*Your goal:* Between the line containing "Vòi rồng lửa" and the line containing "L.H. Pieterse was" lies a run of lines; give that run again exactly, with both of those lines, and nothing else from the entries below.

*Given information:*

══════════════════════════════

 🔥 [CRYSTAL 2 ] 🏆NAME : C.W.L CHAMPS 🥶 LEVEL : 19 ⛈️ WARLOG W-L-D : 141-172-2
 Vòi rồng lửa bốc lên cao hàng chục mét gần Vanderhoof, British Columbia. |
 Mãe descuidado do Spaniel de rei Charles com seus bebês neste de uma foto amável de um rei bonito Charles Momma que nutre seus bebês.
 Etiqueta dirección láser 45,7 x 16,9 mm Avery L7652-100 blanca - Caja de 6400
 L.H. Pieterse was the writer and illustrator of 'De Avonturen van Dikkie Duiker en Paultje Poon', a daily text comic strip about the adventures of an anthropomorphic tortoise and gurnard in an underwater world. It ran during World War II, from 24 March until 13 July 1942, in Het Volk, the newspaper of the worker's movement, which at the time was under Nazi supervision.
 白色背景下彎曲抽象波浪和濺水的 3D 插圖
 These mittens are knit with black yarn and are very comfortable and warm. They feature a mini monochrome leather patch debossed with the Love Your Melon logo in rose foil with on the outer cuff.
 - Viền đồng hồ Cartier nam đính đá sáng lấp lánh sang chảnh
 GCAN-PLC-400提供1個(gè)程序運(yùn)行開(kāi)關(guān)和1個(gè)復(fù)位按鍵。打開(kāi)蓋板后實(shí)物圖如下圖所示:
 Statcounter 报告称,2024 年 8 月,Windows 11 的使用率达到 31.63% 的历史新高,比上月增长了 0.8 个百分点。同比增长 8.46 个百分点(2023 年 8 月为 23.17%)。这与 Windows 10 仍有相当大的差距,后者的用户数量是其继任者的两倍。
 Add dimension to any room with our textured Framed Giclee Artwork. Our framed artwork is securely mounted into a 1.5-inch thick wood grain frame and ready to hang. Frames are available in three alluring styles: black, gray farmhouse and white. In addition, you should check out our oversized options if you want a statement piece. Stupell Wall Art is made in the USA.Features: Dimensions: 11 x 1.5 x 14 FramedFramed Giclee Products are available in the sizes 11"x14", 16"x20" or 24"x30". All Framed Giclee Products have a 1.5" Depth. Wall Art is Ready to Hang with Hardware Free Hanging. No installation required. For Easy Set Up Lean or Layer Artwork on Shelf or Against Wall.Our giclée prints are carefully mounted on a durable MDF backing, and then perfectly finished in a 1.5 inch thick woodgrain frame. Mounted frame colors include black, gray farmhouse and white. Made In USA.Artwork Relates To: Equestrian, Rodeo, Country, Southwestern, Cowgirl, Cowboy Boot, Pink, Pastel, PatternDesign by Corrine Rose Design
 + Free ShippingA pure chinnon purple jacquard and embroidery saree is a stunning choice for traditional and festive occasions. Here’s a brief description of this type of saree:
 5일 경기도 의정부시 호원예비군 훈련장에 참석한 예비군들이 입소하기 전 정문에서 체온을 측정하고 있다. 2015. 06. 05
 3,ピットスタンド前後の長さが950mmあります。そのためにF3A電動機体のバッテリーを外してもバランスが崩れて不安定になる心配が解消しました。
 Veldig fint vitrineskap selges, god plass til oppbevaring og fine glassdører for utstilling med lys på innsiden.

══════════════════════════════

*Response area:*
 Vòi rồng lửa bốc lên cao hàng chục mét gần Vanderhoof, British Columbia. |
 Mãe descuidado do Spaniel de rei Charles com seus bebês neste de uma foto amável de um rei bonito Charles Momma que nutre seus bebês.
 Etiqueta dirección láser 45,7 x 16,9 mm Avery L7652-100 blanca - Caja de 6400
 L.H. Pieterse was the writer and illustrator of 'De Avonturen van Dikkie Duiker en Paultje Poon', a daily text comic strip about the adventures of an anthropomorphic tortoise and gurnard in an underwater world. It ran during World War II, from 24 March until 13 July 1942, in Het Volk, the newspaper of the worker's movement, which at the time was under Nazi supervision.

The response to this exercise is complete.